LOL, I'm with you guys and gals. Remember about 8 months ago when I was so happy I moved into the store front and was ready to get it open and take all the local business! Ya right. Store front is still not open and orders are crazy. Advertised locally one time and never have since. No way I could keep up with the orders and didnt want to piss off the local customers. I will be there one day but the online orders are insane and I'm not complaining. The high school teaching job has been ditched and it is full time bling, signs, embroidery, sublimation, versacamm, and anything else I have time in the day for. It is amazing how hard it is to find good employees. I am running through them like water. Lol How can people just not pick up on some of the simplest things? Frustrating, I can do more in the store in a day by myself then having 3 people in there with me. You get in that zone and you are Rollin. Can't do that when the have to ask you how to do every little thing and stand over their shoulder the entire day. Hope everyone keeps busy and go get them orders!

Back to work about 15 shirts left and 8 custom designs for the night tonight and it's 1 am now.
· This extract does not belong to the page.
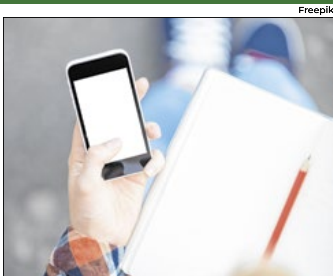
Tema está em debate na Comissão de Educação

Sleep? Who needs sleep!


----------



## selanac (Jan 8, 2007)

DW, one of the problems with employee's is that in this industry they make nothing. I've seen ads for Top Auto screen printers at: $14 per hour. 

I don't know how they survive at that price. That's like less then $30k per year. I've been in the I.T. world, and owning my own screen printing shop and making alot more as I'm sure all of you are. Not to mention that one job could pay their entire daily wage not to mention one weeks wages in some cases. Even if I made one dollar a t-shirt I'd make more then that on a manual. 

I had one web designer see what I was charging over his pay, and he realized he was making very little. So he refused to call customers with question, and said that was my job. 

Now any of us would have just said okay (as an employee), that's what they pay me. Than we'd figure out how to get the customers ourselves. 

I'm not saying any of this is right, but that's the way the think.


----------



## sjidohair (Apr 9, 2008)

Matt,, I know someone who is close to you and knows Das and cutters and is a rhinestoner , you might be able to hire... 
Let me know if you are interested.. 
Sandy jo


----------



## tdprout (Mar 29, 2008)

What's getting me this is that most of my orders are coming through FaceBook...I've had like 4 orders through my actual cart. And majority of my orders are bulk... not complaining though!


----------